I used to massage my wife's stomach with downward strokes to help relieve cramps years ago. It sometimes ended up with sex. Put down a towel, take a shower afterwards, whats the problem??

It's how God made women. Part of life. Assure your wife there is no problem and enjoy being with her.


----------



## Machjo (Feb 2, 2018)

FrazzledSadHusband said:


> I used to massage my wife's stomach with downward strokes to help relieve cramps years ago. It sometimes ended up with sex. Put down a towel, take a shower afterwards, whats the problem??
> 
> It's how God made women. Part of life. Assure your wife there is no problem and enjoy being with her.


If it helps her, it doesn't bother me at all. I think it bothers her more than it does me.


----------



## 269370 (Dec 17, 2016)

I’m glad women don’t have to go into hiding anymore when they melstruate. 
Aren’t the cramps the worst in the first two days and that’s when the bleeding can be the heaviest? If it’s safe to do, why not. But I presume the only place where it can be done is the shower, for all the practical purposes. 


Sent from my iPhone using Tapatalk


----------



## chillymorn69 (Jun 27, 2016)

If you really loved her you would give her oral!

Have you earned your red wings .


----------



## 269370 (Dec 17, 2016)

chillymorn69 said:


> If you really loved her you would give her oral!
> 
> 
> 
> Have you earned your red wings .




Blood doesn’t come out of the clitoris, last time I licked. Was her vagina upside down? 🧐


Sent from my iPhone using Tapatalk


----------



## chillymorn69 (Jun 27, 2016)

inmyprime said:


> Blood doesn’t come out of the clitoris, last time I licked. Was her vagina upside down? 🧐
> 
> 
> Sent from my iPhone using Tapatalk


Look up earning your red wings!

Google it.


----------



## WilliamM (Mar 14, 2017)

My wife and I had sex during her period. She enjoyed it. 

She tells me it’s “common knowledge” an orgasm helps relieve menstrual cramps, and passed from generation to generation. 

She said she and her sister were joking about it a few months ago in reference to a teenage relative having bad menstrual cramps. The joke was the mother should buy her a vibrator instead of muscle relaxants.

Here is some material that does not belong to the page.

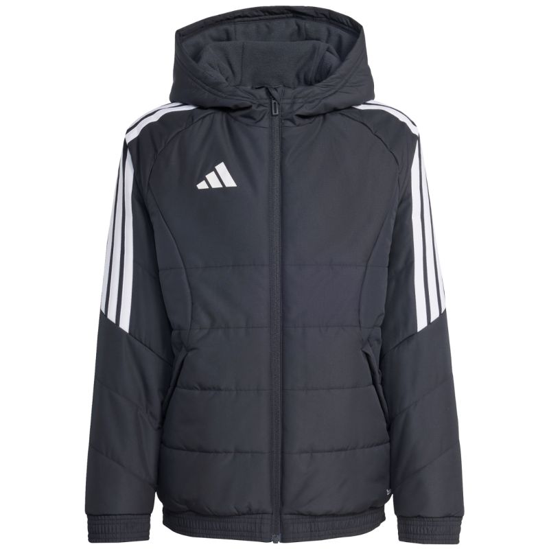 adidas Tiro 26 talvejope lastele, must KA5319 See adidas lastejope Tiro jalgpallisarjast sobib ideaalselt ka igapäevaseks kandmiseks. Sünteetiline täidis, mis on ühtlaselt jaotunud laiadesse horisontaalsetesse paneelidesse, aitab säilitada optimaalset kehatemperatuuri. Traditsiooniline lõige. Täispikk lukk. Lukkudega küljetaskud. Elastsed kätised ja alläär. Fikseeritud, mittereguleeritav kapuuts kõrgel püstkrael. Triibud varrukatel. Pehme logo ees. Climawarm-tehnoloogia. Väliskihi vetthülgavad omadused. Tuulekindel kangas. Välismaterjal: 100% taaskasutatud polüester. Täidis: 100% taaskasutatud polüester.

I remember back in the seventies a cute coworker asking me if I was a vampire. I said no! She was foreign, and said there must be some language mixup. So she described what she meant. She meant did I give oral to women on their period. Oh, but of course, yes.

Life was wild in Silicon Valley back in the seventies and eighties.


----------



## Andy1001 (Jun 29, 2016)

inmyprime said:


> chillymorn69 said:
> 
> 
> > If you really loved her you would give her oral!
> ...


My girlfriend just tells me “the tide is in,no diving allowed”


----------



## Satya (Jun 22, 2012)

Odo likes to say, "there's nothing nature produces which soap and water can't wash away."


----------



## pragmaticGoddess (Nov 29, 2017)

I guess my H doesn’t love me that much! Refuses PIV during menstruation. Even if it’s the end bit. I will show him the meme though. Haha. That has actually happened but during PIV.


----------



## bmorehappy (Oct 18, 2017)

Machjo said:


> If it helps her, it doesn't bother me at all. I think it bothers her more than it does me.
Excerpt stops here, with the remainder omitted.